Hut 8 Corp (NASDAQ: HUT; TSX: HUT) is back in the market’s spotlight on December 23, 2025, as investors continue to re-rate the company less like a pure-play Bitcoin miner and more like a power-and-data-center platform for the AI era.
The stock’s action has been anything but sleepy. After opening sharply lower, shares reversed higher and pushed into the low-to-mid $50s intraday. As of 17:04 UTC on Dec. 23, Hut 8 traded at $53.62, up 6.41% on the day, with an intraday range of $48.02 to $53.86 on roughly 6.7 million shares.
So what’s driving the whiplash—and why are analysts suddenly throwing around price targets that would have sounded like science fiction earlier this year?

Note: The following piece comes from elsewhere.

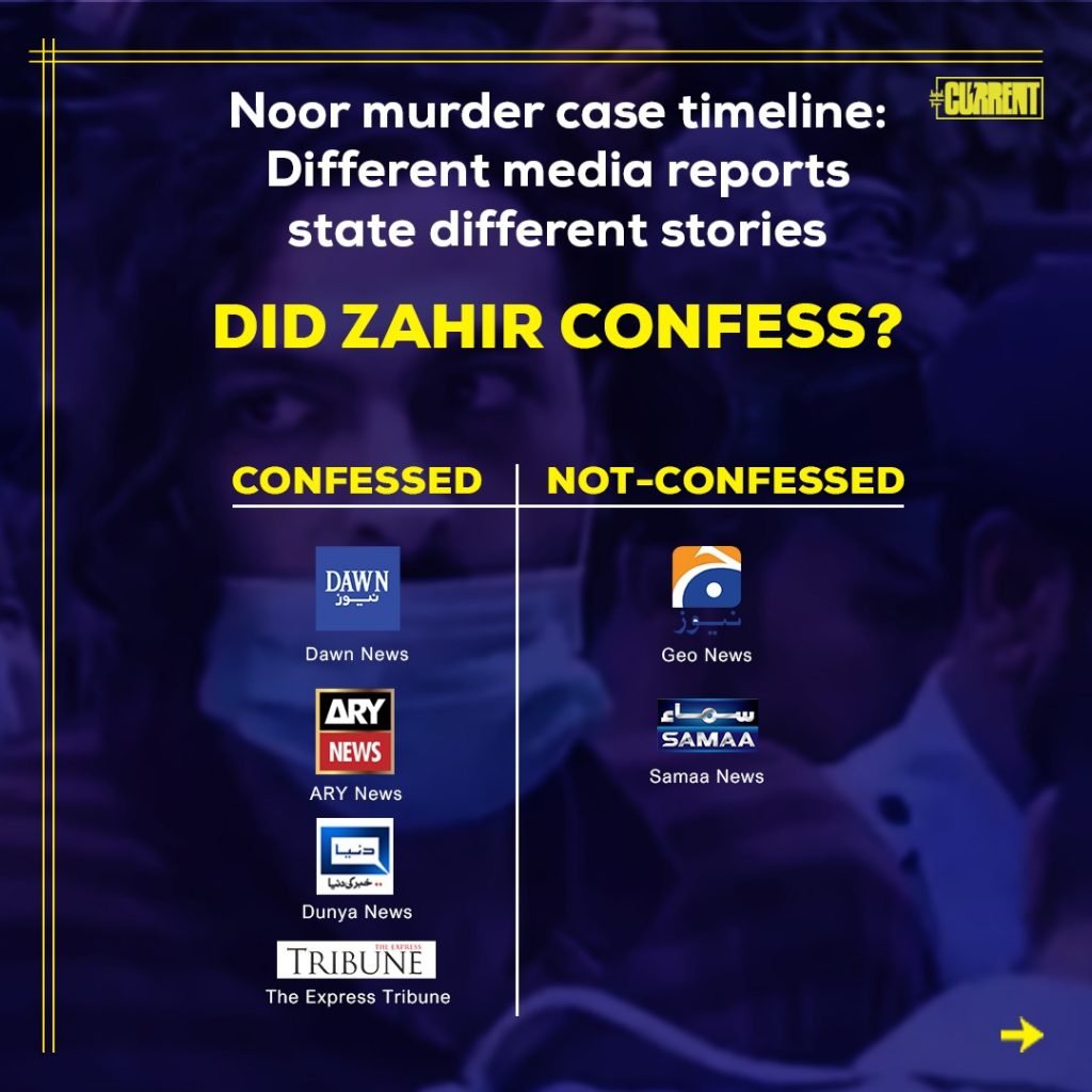 The accused made the confession during interrogation but has not given a reason for murdering Noor. Dawn, The Express Tribune, ARY News, Dunya have reported that Zahir Jaffer, the prime suspect in the murder of Noor, confessed to killing her before the investigators during his interrogation. Sources said the prime suspect has repeatedly changed his reasoning for committing the brutal crime.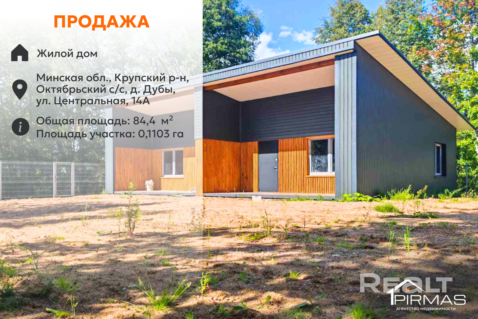 Жилой дом 2025 года постройки площадью 84,4 кв.м расположен в деревне Дубы Крупского района Минской области. Построен из газосиликатных блоков на железобетонном фундаменте, с бетонными полами, металлической крышей, окнами ПВХ и металлическими дверями. Все коммуникации подведены, установлены радиаторы, отопление электрическое, бойлеры в наличии. Дом оштукатурен, участок дренирован и ограждён 3D-еврозабором. Подъездные пути — асфальт. Готов под чистовую отделку.

Hut 8 stock news on Dec. 23: a gap-down open, then a sharp reversal
Tuesday’s tape tells the story of a stock that’s become a magnet for momentum traders and long-term thematic investors at the same time.
Market coverage highlighted that Hut 8 gapped down at the open—after closing the prior session around $50.39—but then climbed back above $52 as buyers stepped in. [1]
That kind of “sell the open, buy the theme” behavior is common when a company hits a powerful narrative shift—especially one tied to AI infrastructure, where Wall Street is aggressively repricing anything connected to power, racks, and long-duration contracted cash flow.
The catalyst: Hut 8’s 15-year, $7 billion River Bend AI data center lease (with a Google backstop)
The core fundamental driver is Hut 8’s newly announced AI data center lease at its River Bend campus in Louisiana.
Here are the deal points that matter most to investors:
- 15-year lease for 245 MW of IT capacity, with a base-term contract value of $7.0 billion. [2]
- The agreement includes renewal options that can lift total contract value to about $17.7 billion if exercised. [3]
- Google is providing a financial backstop covering obligations for the 15-year base lease term—an “adult supervision” signal the market tends to love. [4]
- Hut 8 expects the initial data hall to be completed and commissioned in Q2 2027, with additional halls coming online over the remainder of 2027. [5]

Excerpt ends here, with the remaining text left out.